- _Recorded information_:
[Start of Attachment]
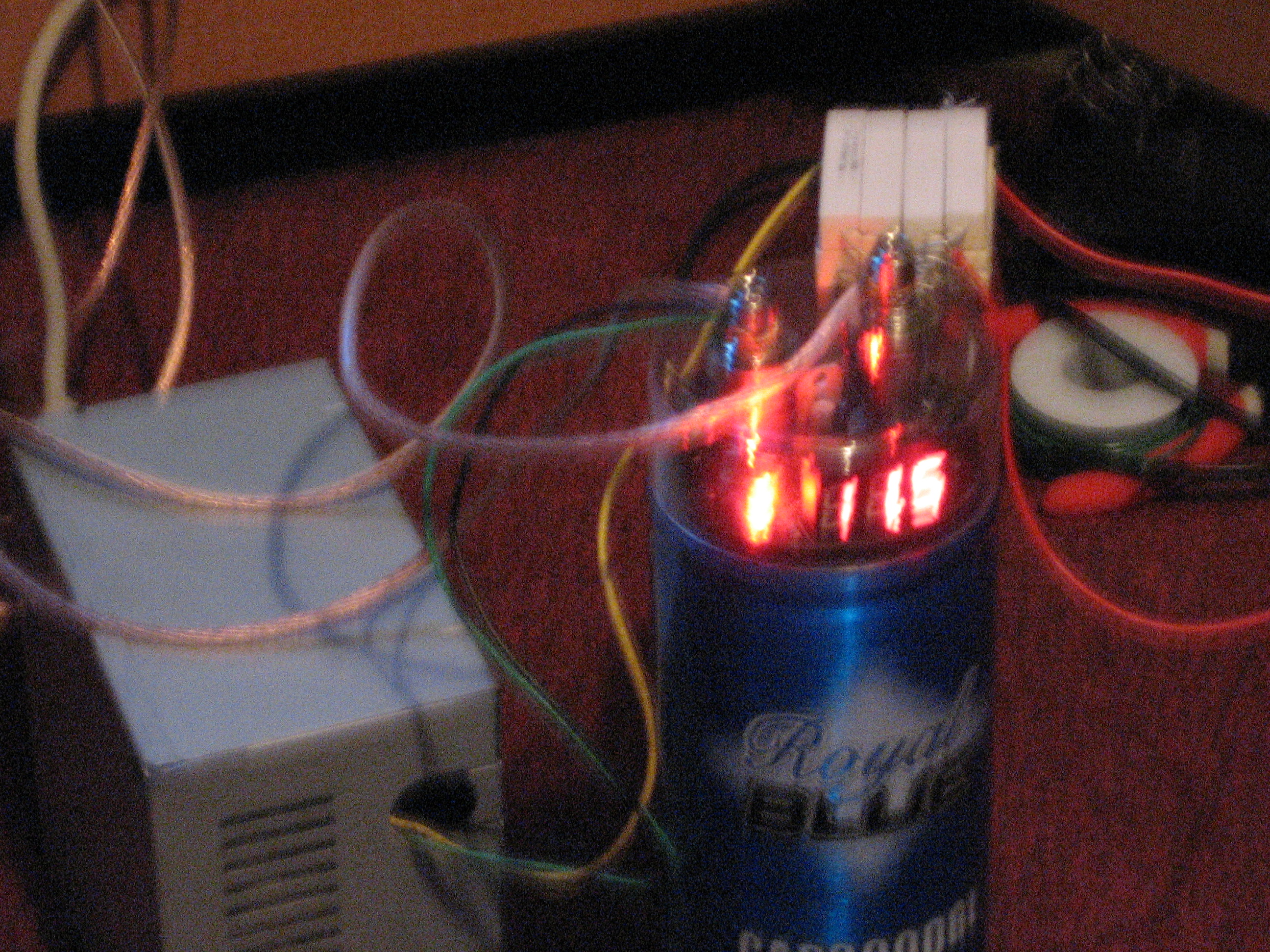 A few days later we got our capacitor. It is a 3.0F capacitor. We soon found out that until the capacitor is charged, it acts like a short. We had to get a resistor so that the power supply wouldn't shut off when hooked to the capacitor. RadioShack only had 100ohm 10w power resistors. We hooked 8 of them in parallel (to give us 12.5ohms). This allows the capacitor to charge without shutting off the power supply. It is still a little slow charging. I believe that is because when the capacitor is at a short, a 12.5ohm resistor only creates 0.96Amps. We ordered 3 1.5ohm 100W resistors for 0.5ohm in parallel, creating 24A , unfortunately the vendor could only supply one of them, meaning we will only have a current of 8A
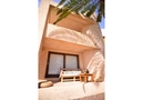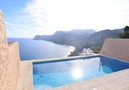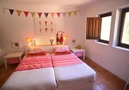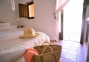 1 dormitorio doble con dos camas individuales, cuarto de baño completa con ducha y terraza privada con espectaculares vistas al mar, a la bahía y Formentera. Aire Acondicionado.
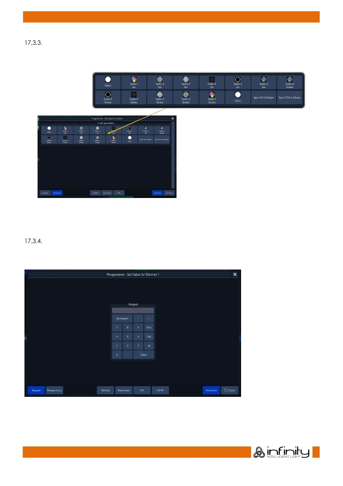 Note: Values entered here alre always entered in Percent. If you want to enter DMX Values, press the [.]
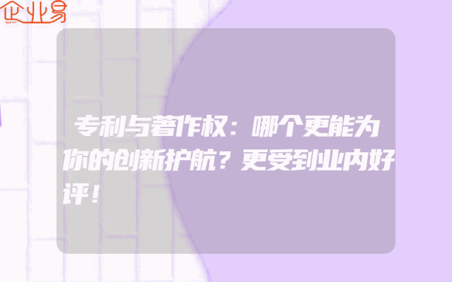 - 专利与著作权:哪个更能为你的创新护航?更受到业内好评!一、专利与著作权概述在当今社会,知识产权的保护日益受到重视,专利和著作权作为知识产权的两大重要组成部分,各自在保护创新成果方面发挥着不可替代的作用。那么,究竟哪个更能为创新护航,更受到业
[End of Attachment]
- _Task instructions_: Your answer should contain only the lines from the beginning of the listing above through the line with "Note: Values entered", copied exactly and without the pictures.

- _Answer section_:
 A few days later we got our capacitor. It is a 3.0F capacitor. We soon found out that until the capacitor is charged, it acts like a short. We had to get a resistor so that the power supply wouldn't shut off when hooked to the capacitor. RadioShack only had 100ohm 10w power resistors. We hooked 8 of them in parallel (to give us 12.5ohms). This allows the capacitor to charge without shutting off the power supply. It is still a little slow charging. I believe that is because when the capacitor is at a short, a 12.5ohm resistor only creates 0.96Amps. We ordered 3 1.5ohm 100W resistors for 0.5ohm in parallel, creating 24A , unfortunately the vendor could only supply one of them, meaning we will only have a current of 8A
 1 dormitorio doble con dos camas individuales, cuarto de baño completa con ducha y terraza privada con espectaculares vistas al mar, a la bahía y Formentera. Aire Acondicionado.
 Note: Values entered here alre always entered in Percent. If you want to enter DMX Values, press the [.]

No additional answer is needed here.